Misery-inducing. Too much of the game is people just standing around talking or sitting around talking, and not even in a comfy visual novel way. Every 10 seconds they'll stop talking until you make a few selections to prompt them or someone else to continue, making "conversations" feel disjointed and padded out.

These conversations tend to happen in wide open 3D spaces, too, and the spacious environments make it even more awkward that the characters rarely ever make use of them outside of the prologue. They just. Stand around. In big parks and on big bridges. This is another way the game would benefit from actually being a visual novel: a static 2D background would make it less obvious that they're wasting so much stage space.

Moving along in the main story is constantly hampered by a need to hit a specific trigger in another route. It's not just one or two big locks preventing your progress, like in a reasonable game – you hit a wall in nearly every scene if you’re unlucky and have to hop back and forth until you find who unlocks what.

These technical annoyances exist to allow cool meta twists and puzzles to happen once in a while, which cannot excuse how tedious it is the rest of the time.

The pacing is wild.
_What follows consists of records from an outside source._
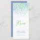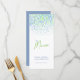 Un menu de dîner mariage peint ou un menu d'évènements spéciaux est décoré dans des tableaux d'art moderne. Modifiez ce menu de 4 plats avec vos propres mots. Menu d'aquarelle simple mais moderne. Idéal pour les mariages bleus verts ou les événements. © Design et peinture originale aquarelle par www.mylittleedenweddings.com sur zazzle.
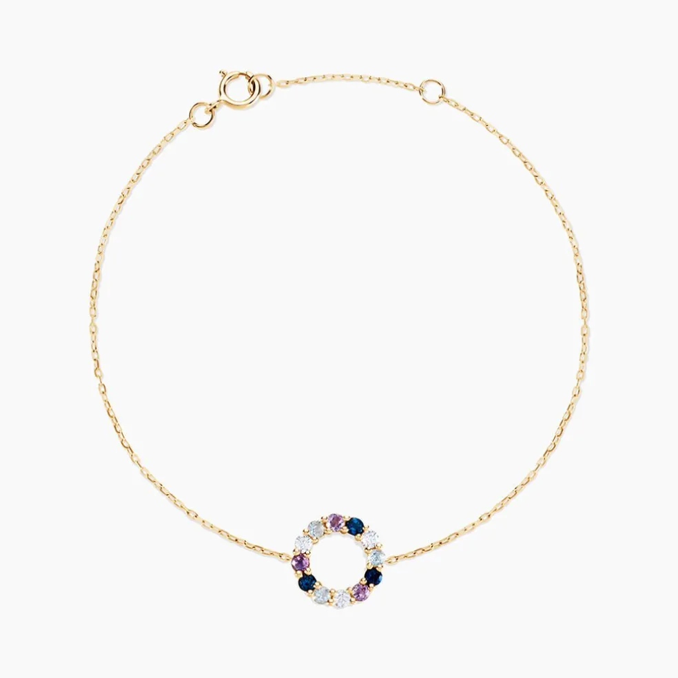 Bracelet Or Jaune 375/1000 Cercle Ajoure Amethyste Topaze Oxyde De Zirconium Serti Griffe Maille Forcat Ronde 16+2cm
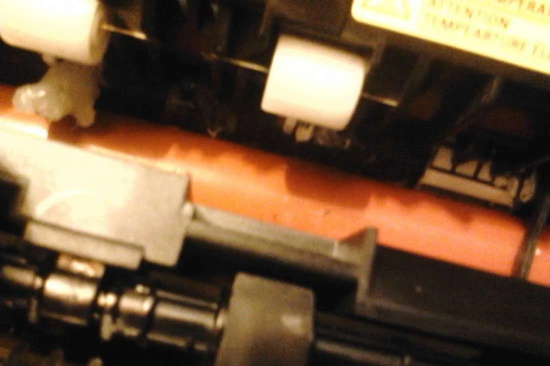Долго я думал что делать и куда пропала обложка, пока не нашол люк за печкой Там обгаружилось 2 валика нагревательный и мягкий, к обоим мелеметровым слоем прилипла та самая клеёнка уже в расплавленном виде.
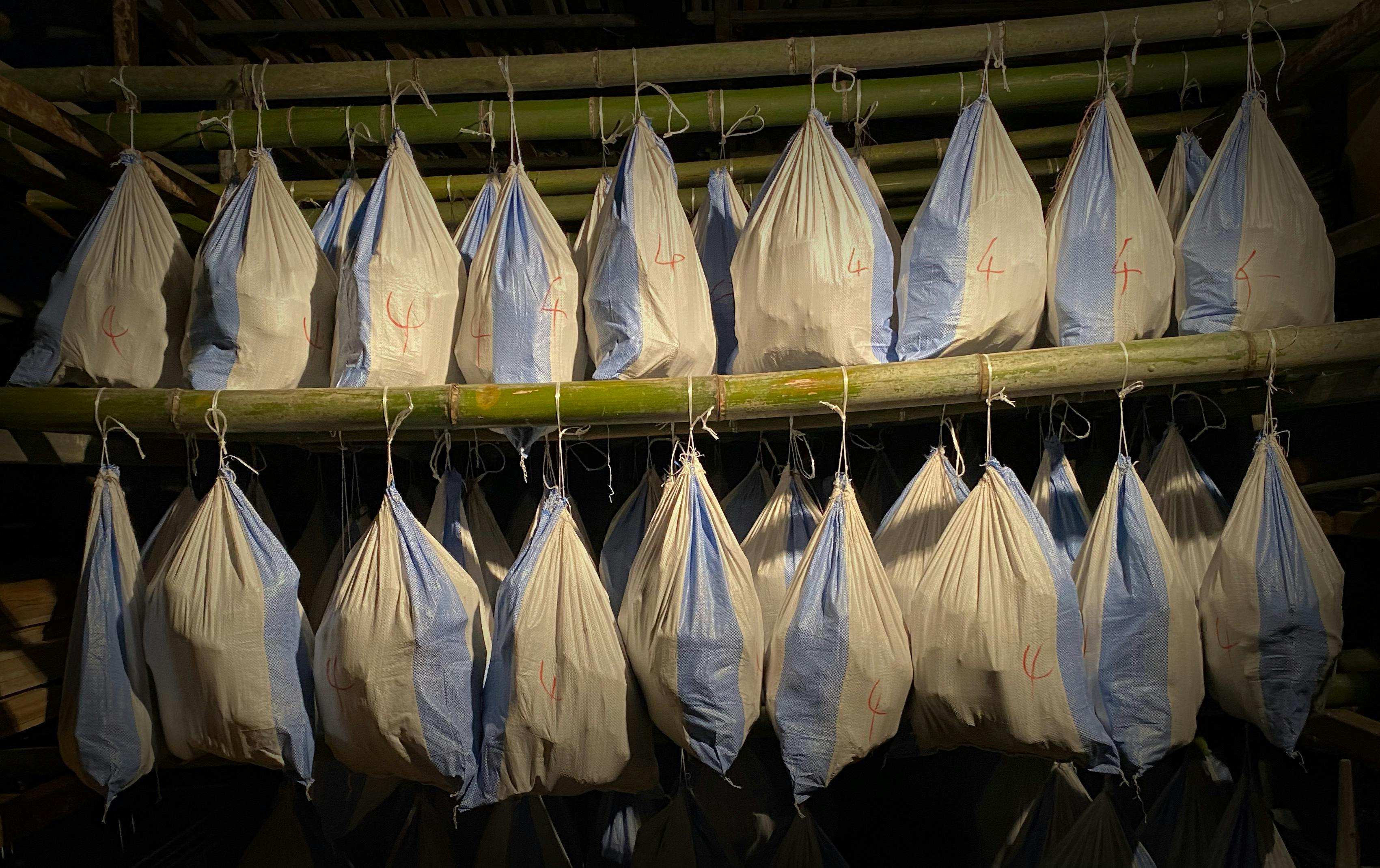 収穫されたさつまいもは標高400mの限られた高地で吊るし熟成させることで、耳納連山から吹き抜ける冷たい風を全身で受け、甘みを引き出し、約3ヶ月後、奇跡とも言える恵まれた環境での寒熟を果たし最高糖度50度にまで達し、とても甘くて美味しいさつまいもが出来上がります。
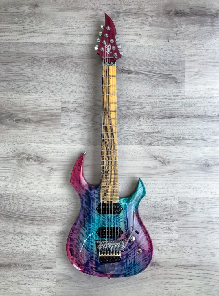 Si tratta di una liuteria italo/svizzera – visto che Giulio è italiano ma costruisce i suoi strumenti da oramai 6 anni in Svizzera (il motto è infatti swissmade by Italian master) – che oramai si è fatta conoscere in vari Paesi del mondo, specializzata in particolare negli strumenti dedicati ai generi più heavy, ma non solo, perché, come vedremo nell’intervista che segue, alcuni modelli non hanno solo l’originalità delle forme, ma possono essere considerati quasi come dei veri e propri strumenti musicali a sé stanti.
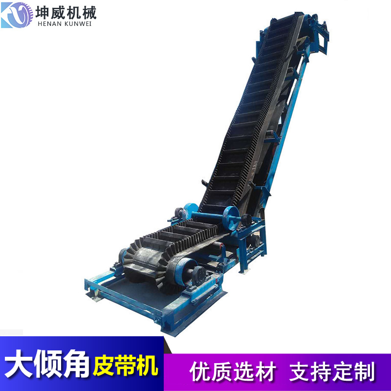 首先大傾角皮帶輸送機(jī)的輸送角度大,這個(gè)很明顯,普通型皮帶輸送機(jī)輸送角度只能是23°以下,需要大角度輸送的話就需要使用大傾角皮帶輸送機(jī)。而且大傾角皮帶輸送機(jī)的角度范圍在23-90°,比較靈活,可以根據(jù)現(xiàn)場情況布置不同角度的機(jī)器。
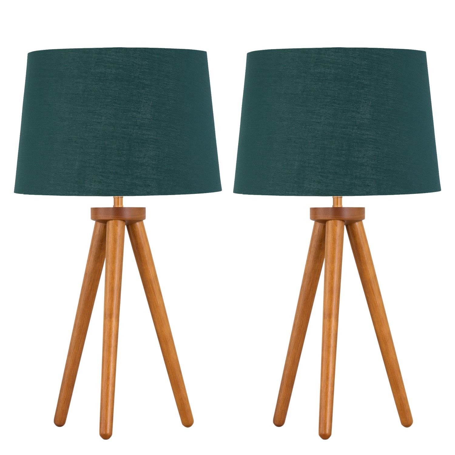 Set of 2 Modern Dark Oak Table Lamp Bedside Lights Wood Tripod Dark Green Shades
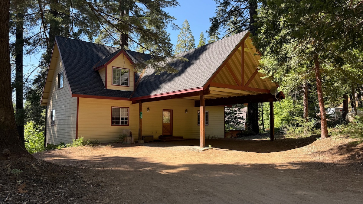 NO CAR RESERVATION NEEDED!!Stay inside the gates of Yosemite. Starlink is available but connectivity can be SLOW at times. The night sky is amazing. BBQ on the deck and take in breathtaking sunsets on the edge of the forest. It comfortably sleeps up to 10 people for an extra fee with 3 BR,2 BA, a game room and a large living room. ONE NON-SHEDDING PET ALLOWED FOR A FEE. INCLUDES GARAGE & AC, ONE OF THE FEW HOMES WITH THIS AMENITY. Fireplace is not available due to potential fire danger zone.
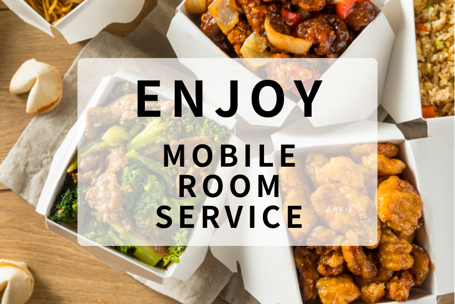 ホテル専用モバイルオーダーで簡単に注文、指定時間に飲食店スタッフがお部屋まで直接お届け。
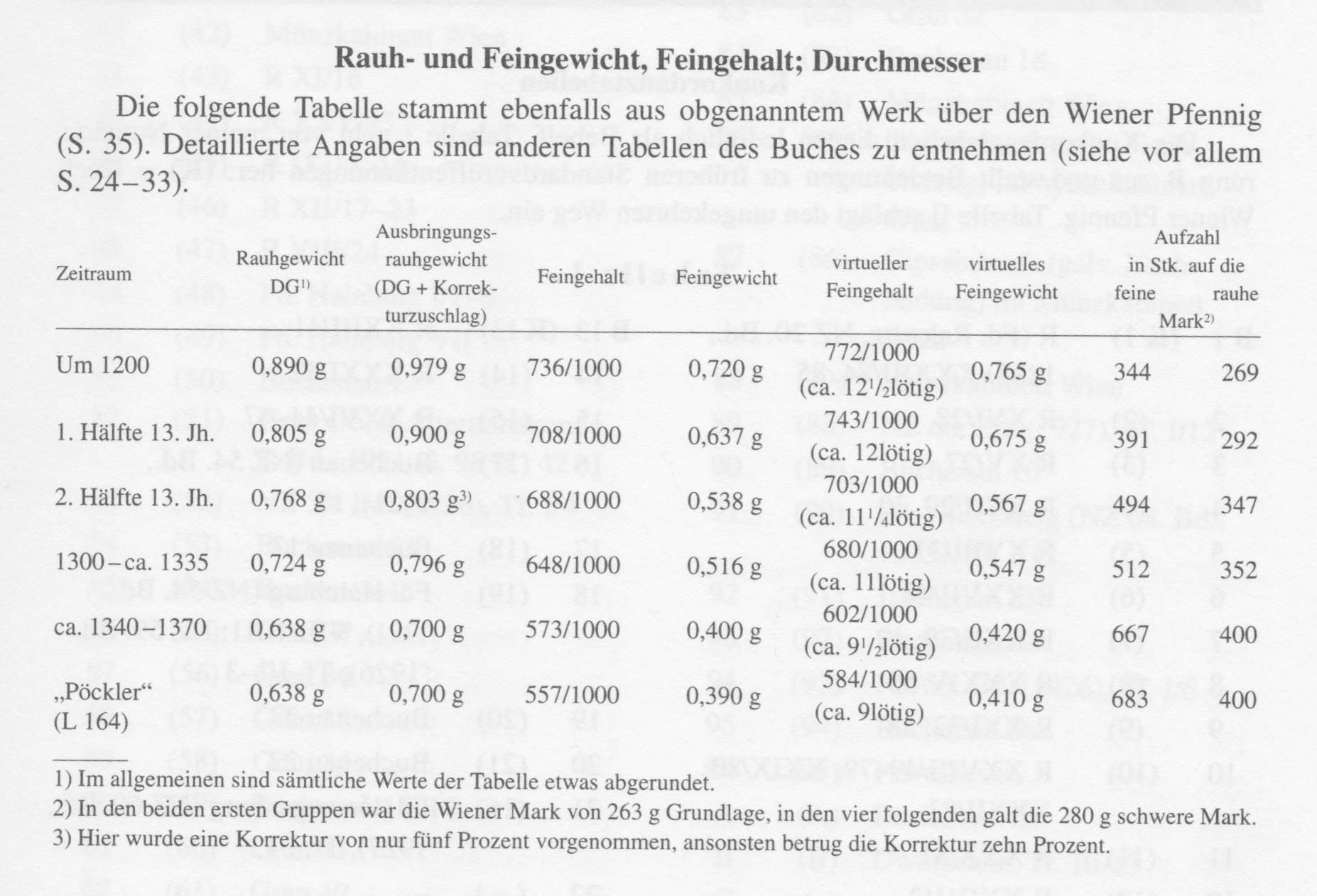 Aufschluss über die Entwicklung des Wiener Pfennigs ergibt die bereits weiter oben eingefügte Tabelle.
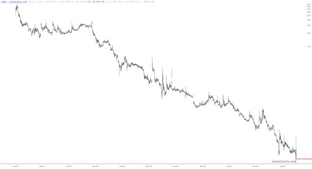 Got that? Oh, the stock has gone from about $47,000 a share (split adjusted, obviously) to about $14. Booyah! That’s almost good enough for Cathie Wood to buy!
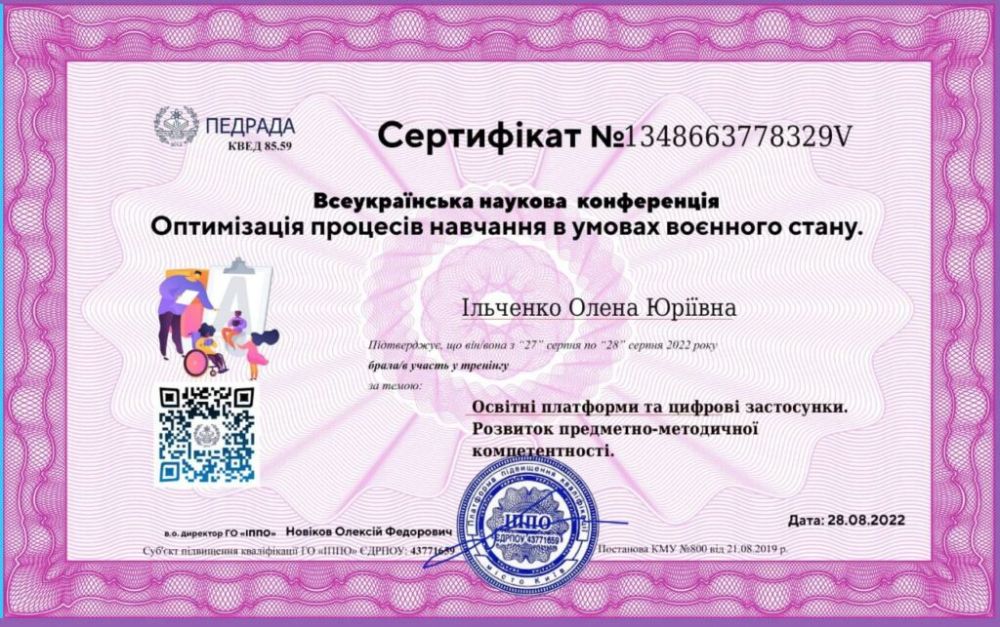 27 серпня 2022 р. докторка педагогічних наук Олена Ільченко та докторка педагогічних наук Леся Петренко взяли участь у Всеукраїнській науковій конференції «Оптимізація процесів навчання в умовах воєнного стану», зокрема у тренінгу «Освітні платформи та цифрові застосунки. Розвиток предметно-методичної компетентності».
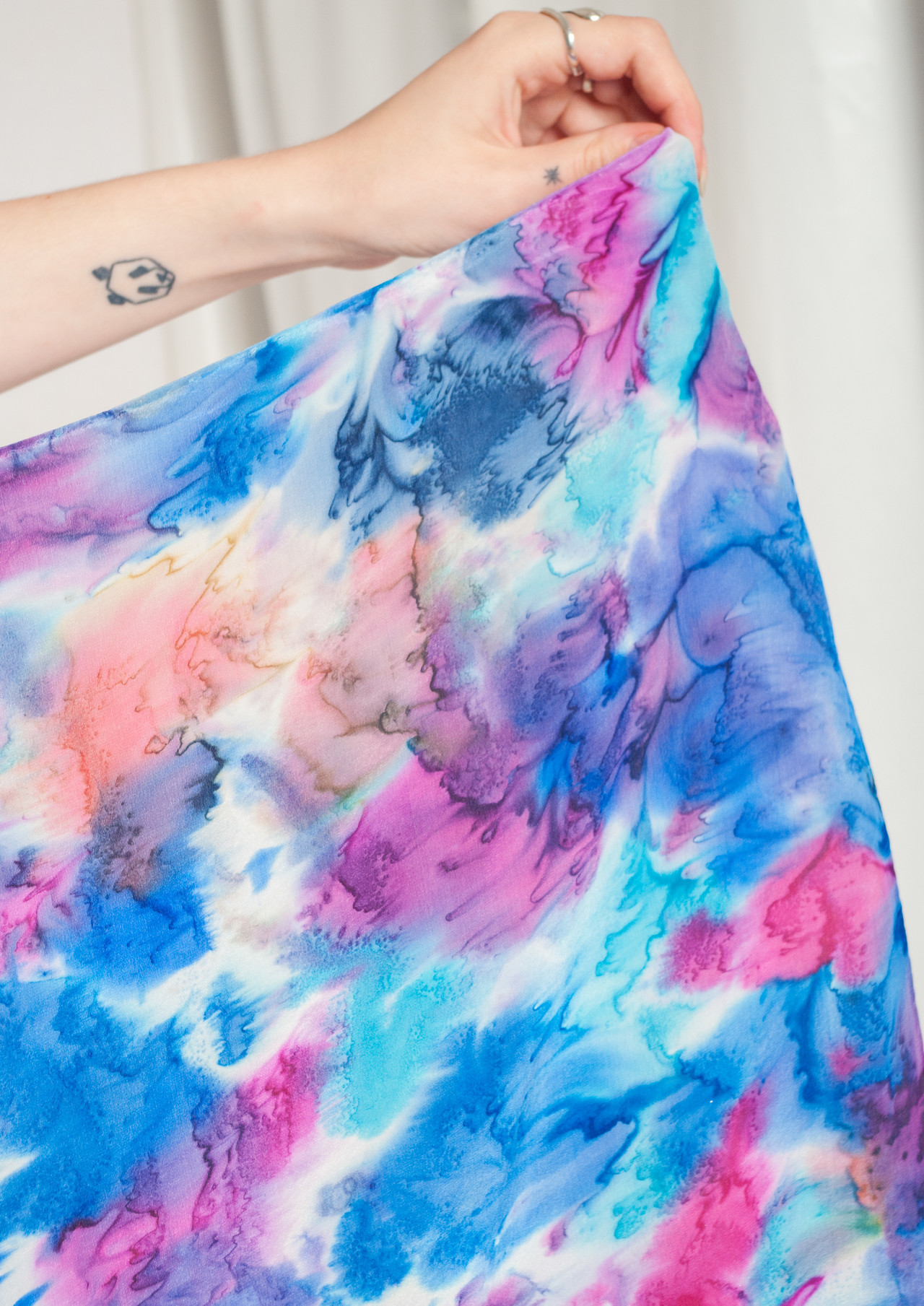 Tie-dyed pure silk vintage scarf that entered our time tunnel in the 90s and just slipped out here in mint condition. It features vivid colours and hand-sewn edges.

The prologue is blisteringly fast, and the rest is agonizingly slow. And the most villainous forces in the game die off-screen, never show up in person at all, or never personally reveal their motivations. They’re all unsatisfying.

What I can admire in this game is the art style and that it gives you everything you need to solve the mysteries and guess the plot twists ahead of time. Unfortunately, figuring it all out miles ahead of the characters made it even worse to watch them just stand around talking 10 seconds apiece. But for someone who doesn't guess it all (and did enjoy the game), the amount of foreshadowing would probably make a second playthrough pretty neat.